Não admira, porém, a estranheza que este lamento, o do desaparecimento do Mandarim, provoca em alguns os nossos amigos mais jovens ou aqueles que, residentes noutras paragens, não tiveram a experiência do convívio – não raro conspirativo – naquele lugar. Notem que não há aqui nenhuma nostalgia por tempos passados. Ah, os bons tempos, dirão alguns. De facto, os tempos não eram bons, eram péssimos. A saudade que temos não é do tempo, é de nós. Nós naquele tempo, o tempo “do esplendor na relva/ da glória na flor”. E o que ele tem de melhor é a inspiração projetada no futuro que ainda nos alimenta, o que nele houve que faz de nós o que somos.

O Mandarim era um desses lugares de encontro que durou enquanto o que tinha de durar. Na verdade, ele já tinha morrido há muito, em renovações desajustadas, na transformação em MacDonald e, depois, noutras coisas que o deixavam distante o lugar de convívio e troca e ideias e projectos, uma das sedes informais das lutas académicas de 1969.
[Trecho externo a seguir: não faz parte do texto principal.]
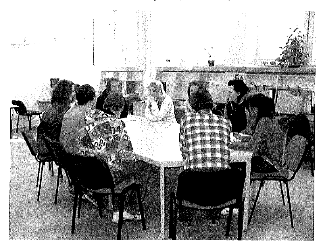
obr. 10 Cvičná firma, odbor škola podnikania, SOŠT Zvolen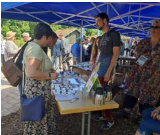
Le village de la biodiversité proposait différents stands au public tout au long de la manifestation.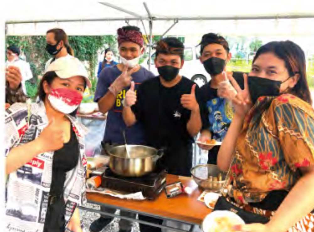
がくえんさい ガイカレまつり (学園祭)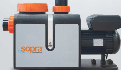
sopra-Filterpumpe Premium VS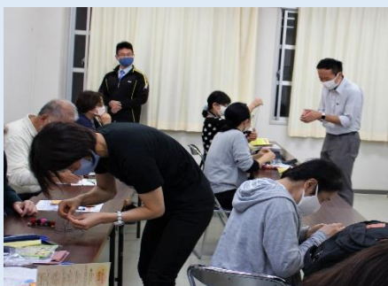
本校の先生方の応援もあって、最後の難関のところも助け合い乗り越えています。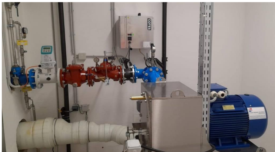
Bild 7: Trinkwasserkraftwerk Gemeindeamt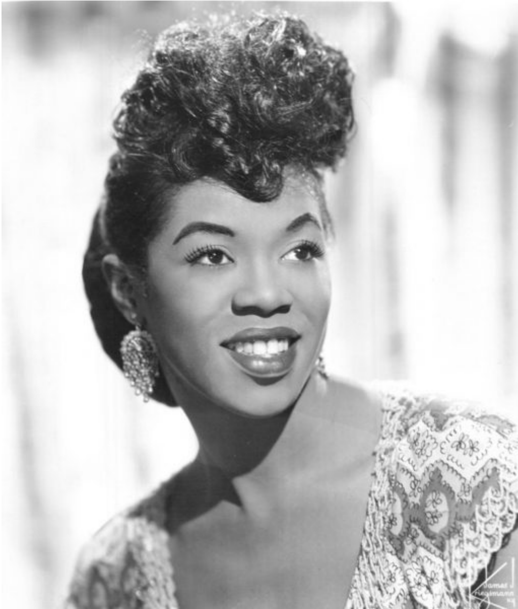
Sarah Vaughan fotografiada por James Kriegsmann en 1955. Fotografía de dominio público.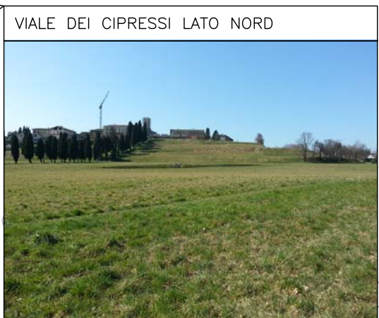
VIALE DEI CIPRESSI LATO NORD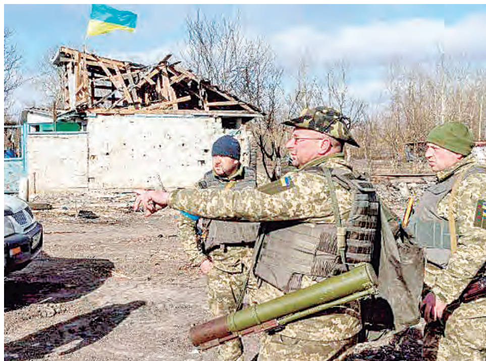
Fuerzas ucranianas volvieron a la ciudad.

“Las fuerzas armadas están avanzando, la policía está avanzando e inmediata-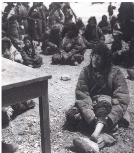
Pán potrestal otroka za provinění odseknutím nohy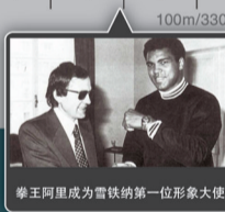
拳王阿里成为雪铁纳的第一形象大使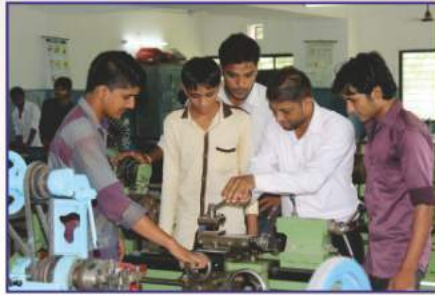
Well-equipped and modern workshop with latest machines and tools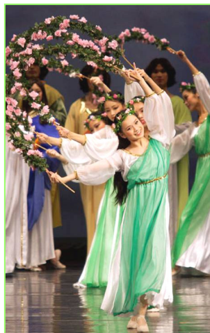
舞蹈《誓约》。慈悲的神立誓下世救人，并为人类有得救的机会而欢庆。

【明慧网】由新唐人电视台主办的全球华人新年晚会，于零七年一月五日至七日，在著名的旧金山歌剧院连演三场，约九千两百位中西方观众欣赏了这场展现中华神传文化神韵的辉煌演出，观众为之震撼、激动。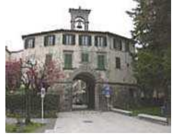
Firenzuola: Porta Fiorentina

Si scende poi a Firenzuola (m. 422) da cui si risale al Passo della Futa, passando per i piccoli borghi di Cornacchiaia e Castro S.Martino.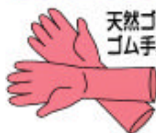
天然ゴム使用の ゴム手袋

Lembramo-nos, os que viveram esses eventos, não é? A polícia de choque a partir os vidros do café – enfrentada pelo senhor Antunes de vassoura na mão, num alarde e optimismo delirante, pois do outro lado estava um pelotão de polícia de choque armada de “mausers”.

A primeira vez que entrei no Mandarim, por meados dos anos 60, encontrei logo o ambiente que se conservaria por muitos e bons. Havia o balcão de entrada e, no piso inferior pontificava a rapaziada da Académica, ao tempo simples e despretensiosas estrelas – Artur Jorge, Toni, Rui Rodrigues, irmãos Campos, Manuel António e muitos outros nomes grandes da história de futebol português. Outro futebol, claro.

No andar superior, lá estava aquela selecta clientela de que logo fui percebendo o estilo e a qualidade, já que um cliente – o Rui, de quem vim a ser grande amigo -, de pé, recitava em alta voz “O Operário em Construção”, do Vinícius. Era um verdadeiro centro cultural, onde a palavra circulava livre, rica, corajosa. Quando dei por mim, sentia-me em casa. Tão em casa que, quando no sistema e amplificação do café se ouviu “doutor José Gabriel ao telefone” levantei-me e fui atender como já tinha visto muitos outros fazer. Ali era, também, a central telefónica dos clientes. Quanto ao tratamento de doutor já nem liguei. Em Coimbra, esse título era democraticamente distribuído a quem fosse compostinho e tivesse mais de dezassete anos.

É isto. Mas isto, este Mandarim, centro da Oposição Democrática, mesa redonda de cultura e liberdade mais ou menos clandestina, já tinha morrido há muito. Só restava o endereço. As pessoas de que falamos tinham partido para outros caminhos. A própria crise académica de 1969 desfez muitas das proximidades – físicas, intelectuais, políticas, afectivas – tecidas em lugares como aquele. Não pensamos, contudo, esse tempo com nostalgia, mas como semente de um futuro que, de muitos modos, se cumpriu.